Anonymous function syntax

[Alex_Dovhal]

"Robert Jacques" <sandford at jhu.edu> wrote
> Well, actually, this is Jason's proposal and it's explicitly for a 
> std.algorithm style, by convention, super-short lambda syntax. i.e. 
> primarily for one liners and std.algorithm. If you go the 
> comma_separated_params, then I think the a => a+x; route is better.

Maybe, x=>f(x) syntax isn't bad, but in most simple and most oftern cases --  
\a*a is 4 chars while a=>a*a is 6 chars. Then \(x,y)x+y is 9 chars, 
(x,y)=>x+y is 10 chars, while \a+b is still 4 chars.

>
> Actually, I made a error in my final example as each lambda must be 
> terminated somehow. i.e. with a semi-colon:
>
> reduce!\a+b;(map!\a+b;([1,2,3,4))

No. Those semicolons in the middle of expression looks strange.
Compiler can't determine that expression following ! has ended so you must 
use !()
 int b =  5;
 reduce!(\(a,b)a+b)(map!(\(a)a+b)([1, 2, 3, 4]))
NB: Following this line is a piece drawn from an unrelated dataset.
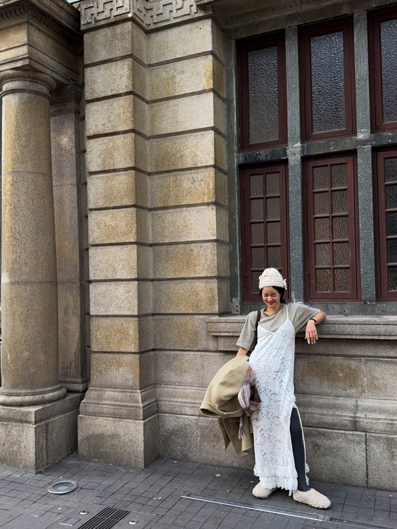 韓國正流行 側開衩蕾絲外搭洋裝(黑/白)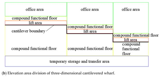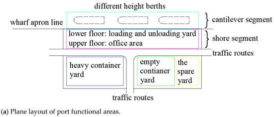 The plane and elevation area division of the port is shown in Figure 4. The plane layout is roughly planned for the following parts: heavy container yard, empty container yard, berths, office area, loading and unloading area, and traffic routes. The elevation area division is about the floor function division of a three-dimensional cantilevered wharf. It can be seen that the port has a small footprint and can realize three-dimensional space utilization.

> As for hijacking, I think by-convention lambdas should be disallowed if a 
> or b are used in the lambda and are already defined in the namespace. In 
> those cases, you'd have to revert to a more general syntax, i.e.
>
> reduce!"a+b"(map!(a => a+b)([1,2,3,4)));

In such not often cases one can even use long lambdas
 reduce!"a+b"(map!((int a){return a+b;})([1,2,3,4])));

BTW, existing usage of strings ("a+b") is second shortest afrer \a+b and is 
properly delimited.
maybe allowing several variations of  \lambdas
(1) \a+b - automatic names, shortest lambda possible, easy to read. for use 
when it can be easily delimited e.g  list_comprehent!(\a*a, \a!=1)(a)
(2) \{a+b} - automatic names, to properly delimit lambda, usefil in 
map!\{a*a}(a), eh, you are rigth here compiler can omit ! -- map\{a*a}(a)
(3) \(x)x+a -- explicit names, to prevent name hijacking.
(4) \(x){x+a} - explicit names and properly delimited
in (1) and (3) no comma allowed, as it can cause ambiguities.